Она чиркнула зажигалкой, чтобы прикурить сигарету, рыженькое пламя метнулось у ее щеки, выхватив зазолотившуюся прядь волос и прищуренный глаз; он не знал, что отвечать, обернулся на дом. Окна его были темны; где-то там, в комнате, спала одинокая женщина.
— Нам пора ехать, — сказал Николай Васильевич, — Будите Павла.
— Еще минуту, — попросила она и заговорила уже теперь другим, более строгим тоном: — Я вот о чем, Николай Васильевич… Было бы целесообразно ввести в руководство цеха какого-нибудь из наших ребят. Андрея или Павла. Мы попробуем довести здесь многое до уровня самых высоких мировых стандартов.
— В чем?
— В технологии. У нас в запасе есть немало предложений на будущее. Но не хотелось бы тратить силы на преодоление бюрократических рогаток.
— Вы имеете в виду дирекцию?
— Ну нет, — он почувствовал, как она улыбнулась. — Шергова можно обвинить в чем угодно, только не в этом. Но путь до него от цехового инженера усеян докладными. Меня же учили выбирать самую короткую дорогу.
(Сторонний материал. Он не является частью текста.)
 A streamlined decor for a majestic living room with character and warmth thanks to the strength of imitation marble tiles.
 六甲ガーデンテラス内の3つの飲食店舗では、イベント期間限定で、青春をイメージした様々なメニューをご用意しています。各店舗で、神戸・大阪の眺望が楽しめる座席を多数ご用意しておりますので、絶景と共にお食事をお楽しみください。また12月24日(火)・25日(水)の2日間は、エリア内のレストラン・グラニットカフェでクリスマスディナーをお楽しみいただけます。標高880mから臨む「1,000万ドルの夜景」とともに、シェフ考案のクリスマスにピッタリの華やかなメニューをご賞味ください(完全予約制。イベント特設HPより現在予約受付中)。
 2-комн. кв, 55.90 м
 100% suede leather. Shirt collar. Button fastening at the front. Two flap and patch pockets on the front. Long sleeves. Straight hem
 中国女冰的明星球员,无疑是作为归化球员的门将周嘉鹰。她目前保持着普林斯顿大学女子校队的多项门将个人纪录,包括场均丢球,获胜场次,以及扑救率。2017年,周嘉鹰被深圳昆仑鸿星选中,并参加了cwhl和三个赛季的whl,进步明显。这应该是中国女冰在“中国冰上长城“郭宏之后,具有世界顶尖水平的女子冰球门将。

В общем, вам решать, Николай Васильевич. — Она поднялась со скамьи и пошла к дому, сначала шаги ее были еле слышны, потом заскрипели по гравийной дорожке.
Николай Васильевич помедлил, не хотелось покидать насиженного места. Да, Поповский все-таки многому ее научил…
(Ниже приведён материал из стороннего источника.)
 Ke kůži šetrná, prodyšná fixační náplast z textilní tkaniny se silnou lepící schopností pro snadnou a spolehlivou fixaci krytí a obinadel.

Он взглянул на звездное небо, с трудом встал, чтоб идти к калитке, но едва сделал несколько шагов, как почувствовал: рядом кто-то есть, оглянулся и увидел, как от угла дома отделилась объемная тень, и при лунном свете различил Софью Анатольевну, она стояла в пальто, платок на голове не был повязан, белела открытая шея.
— Вы? — прошептал он.
— Тсс-с, — протянула она, прижав палец к губам.
— Вы что же, тут все время были?
— А где же мне быть? — глухим шепотом ответила она.
— Значит, все слышали?
— Ну конечно, — спокойно подтвердила она. — Но ты иди, иди, не расстраивайся… Все правильно, Коленька, все правильно. Тсс-с…
Дверь хлопнула.
Она подтолкнула его в плечо большой пухлой ладонью, и он, невольно подчинившись ей, ступил на гравийную дорожку; с крыльца спускались Наташа и Павел…
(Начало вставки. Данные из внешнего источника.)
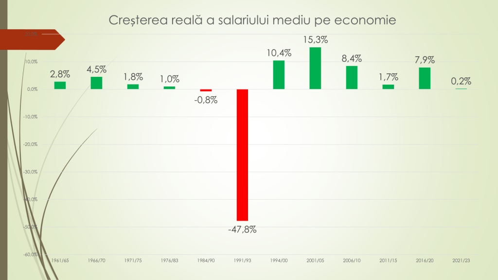 Despre salariul mediu pe economie, economistul a specificat că între 1961/1965 acesta a crescut cu 2,8% anual; 1966/1970 – +4,5%; 1971/1975 – +1,8%; 1976/1983 – +1%; 1984/1990 – minus 0,8%; 1991/1993 – minus 47,8% anual; 1994/2000 – +10,4%; 2001/2005 – +15,3%; 2006-2010 – +8,4%; 2011/2015 – +1,7%; 2016/2020 – +7,9%; 2021/2023 – +0,2%.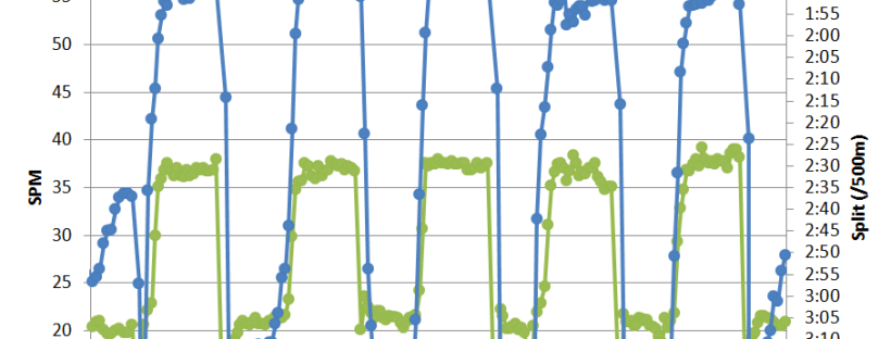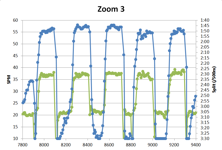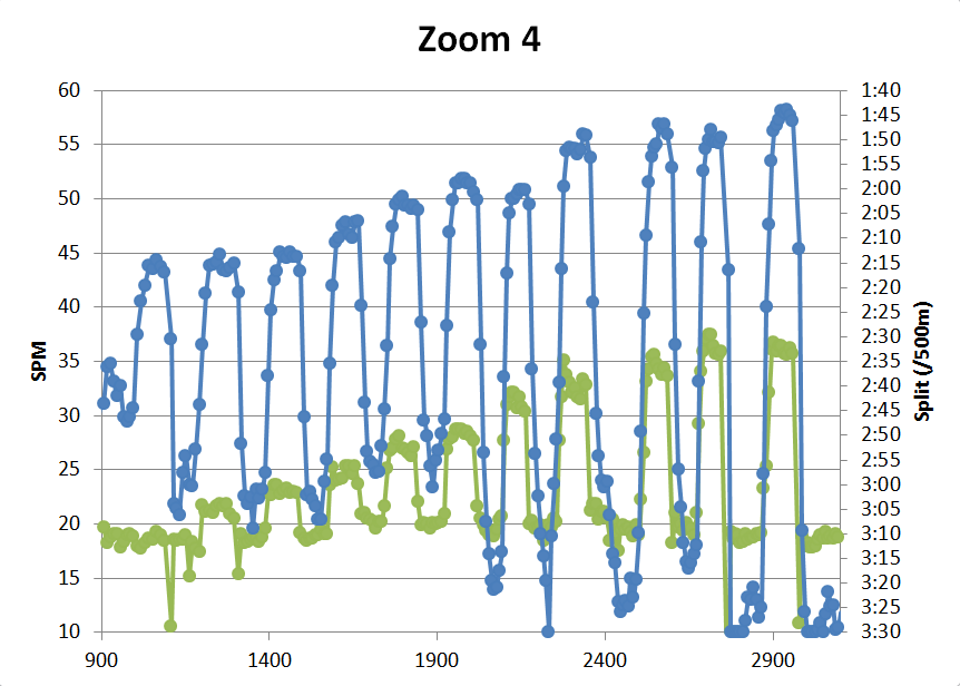 That worked out much better than I thought it would. I figured I had no chance to get the rate up to 36, but as it turned out, I was able to sustain 38 spm in the heart of the 20 stroke bursts. Mind you they weren’t pretty strokes, but they were reasonably effective.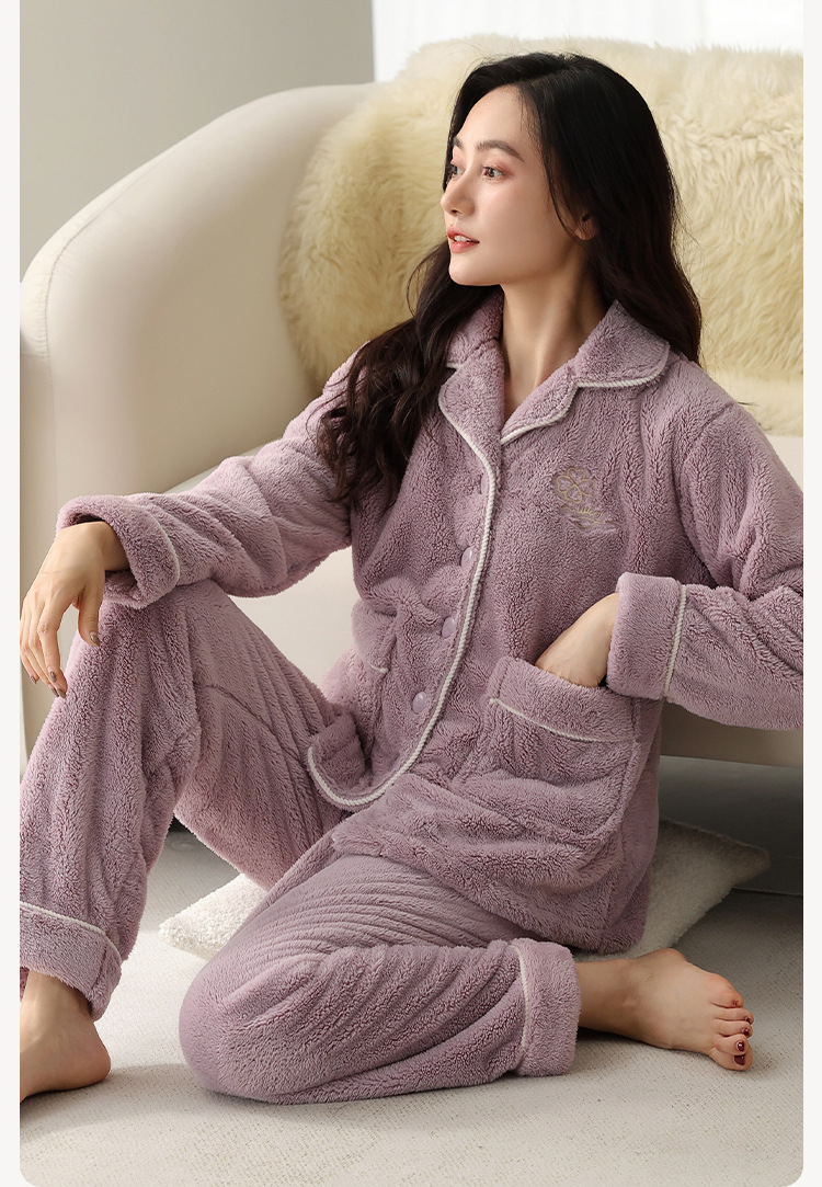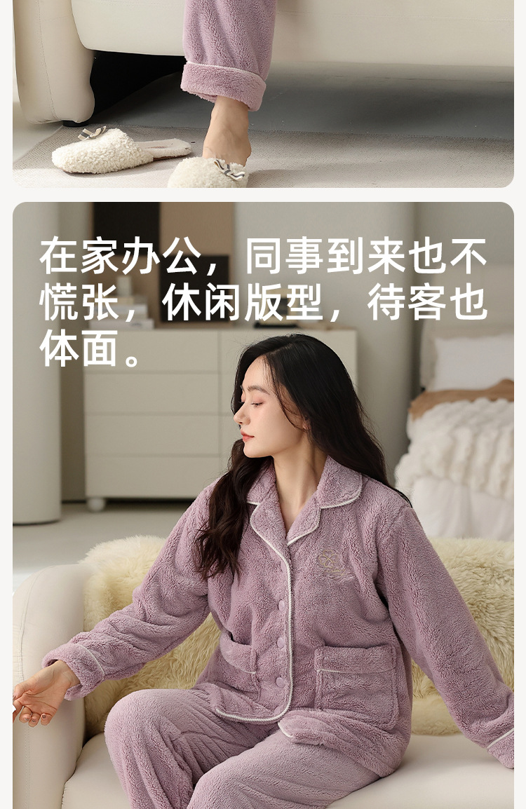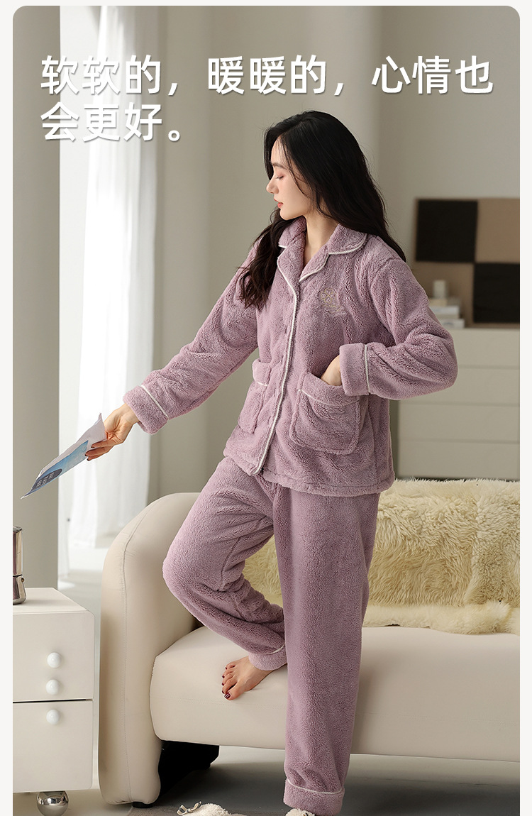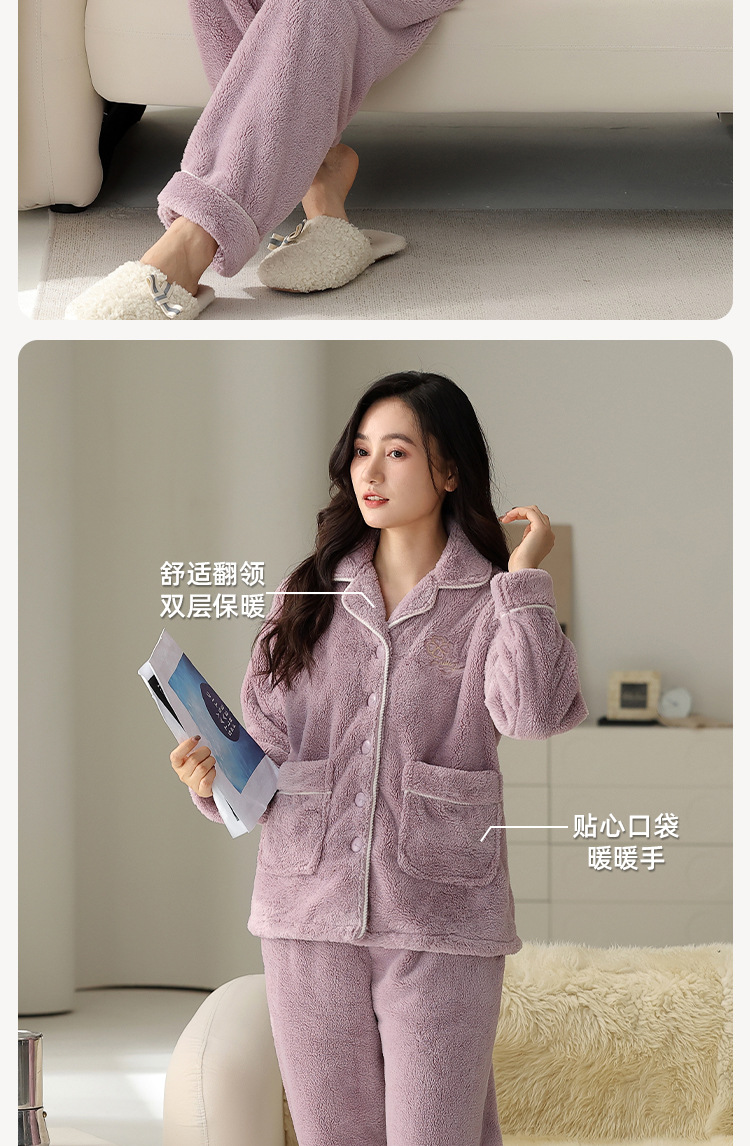 雀说珊瑚绒睡衣女款冬季保暖法兰绒中年家居服秋冬款加厚加绒大码套装ALW888

Они приехали вовремя, аварийная бригада закончила работу, об этом и доложил Шергов, как только увидел Николая Васильевича в цехе, доложил возбужденно, радуясь и гордясь, что работу сделали за два с половиной часа.
Николай Васильевич сел к столу, и все началось сызнова: опять к нему вернулось ощущение слитности с механизмами, будто обнажились нервы, и не было остановки, не было поездки в «Гайку», — все сразу ушло, и осталось вот только это: движение детали по линии, все с самого начала — через раскладку, черновую обработку в печь, потом на прокатные станы. Теперь детали двигались стремительно по пробитому ранее пути, пока не дошли до крюкового конвейера, он потянул их к отпускной печи, к камере замедленного охлаждения, — и тут Николай Васильевич почувствовал, как замер весь цех в ожидании, время сразу растянулось, ровный гул механизмов наполнял цех, молчали в селекторе, молчание было долгим, и Николай Васильевич вдруг понял: все в порядке! Ну, теперь на чистовую обработку, там тоже станки с программным управлением — вот где нельзя прозевать; Наташа положила перед ним расчеты, Павел был на месте, — нет, он не прозевает, он отлично знает такие станки; первое колесо сошло с чистовой обработки, и транспортер понес его на экспедиционный стеллаж, и оттуда, усиленное динамиками громкой связи, вдруг взорвалось неожиданное, мальчишеское:
— Ур-р-ра!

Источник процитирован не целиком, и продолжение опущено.